Motivation: As the invention of DNA sequencing in the 70s, computational biologists have had to deal with the problem of de novo genome assembly with limited (or insufficient) depth of sequencing. In this work, we investigate the opposite problem, that is, the challenge of dealing with excessive depth of sequencing.
Results: We explore the effect of ultra-deep sequencing data in two domains: (i) the problem of decoding reads to bacterial artificial chromosome (BAC) clones (in the context of the combinatorial pooling design we have recently proposed), and (ii) the problem of de novo assembly of BAC clones.

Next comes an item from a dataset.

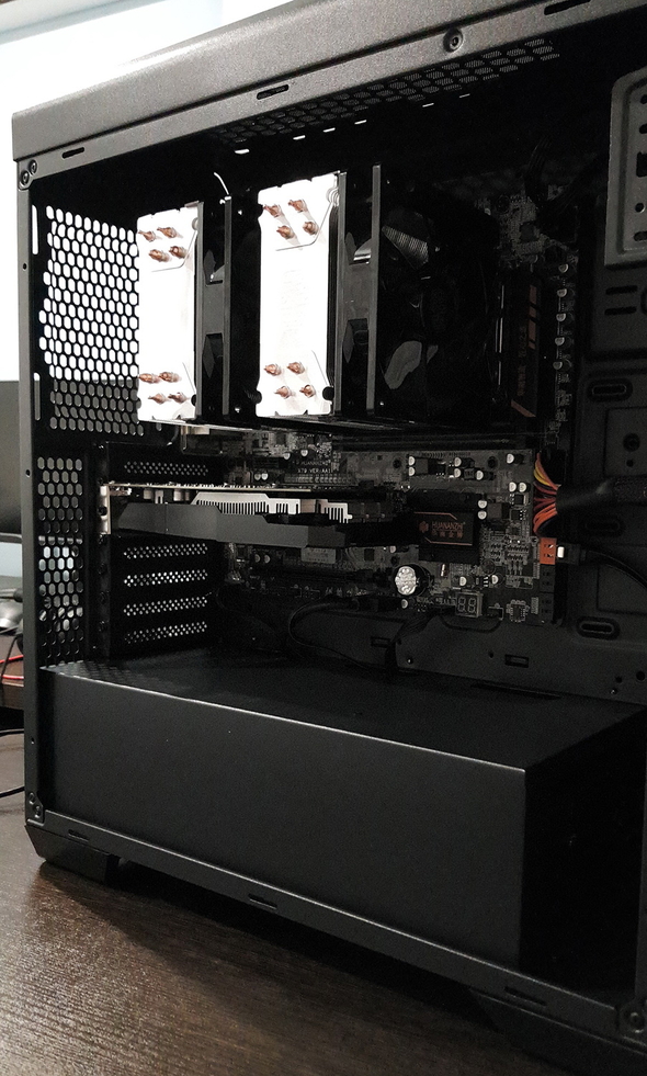 Кстати увидел фото и решил подсказать: последние тачки собираю направляя вентиляторы паралельно земле, в верхнюю крышку корпуса ставлю 2-3 вентиля на вдув, процовые вентили соответственно ориентирую так чтобы они этот воздух протягивали далее в середину корпуса. В этом случае процы могут потерять от 5 до 10 градусов, что важно для поддерживающих турборежимы. Ну и плюс пыли сверху поменее, чем втягивают вентили снизу или сбоков.

Using real ultra-deep sequencing data, we show that when the depth of sequencing increases over a certain threshold, sequencing errors make these two problems harder and harder (instead of easier, as one would expect with error-free data), and as a consequence the quality of the solution degrades with more and more data. For the first problem, we propose an effective solution based on 'divide and conquer': we 'slice' a large dataset into smaller samples of optimal size, decode each slice independently, and then merge the results. Experimental results on over 15 000 barley BACs and over 4000 cowpea BACs demonstrate a significant improvement in the quality of the decoding and the final assembly. For the second problem, we show for the first time that modern de novo assemblers cannot take advantage of ultra-deep sequencing data.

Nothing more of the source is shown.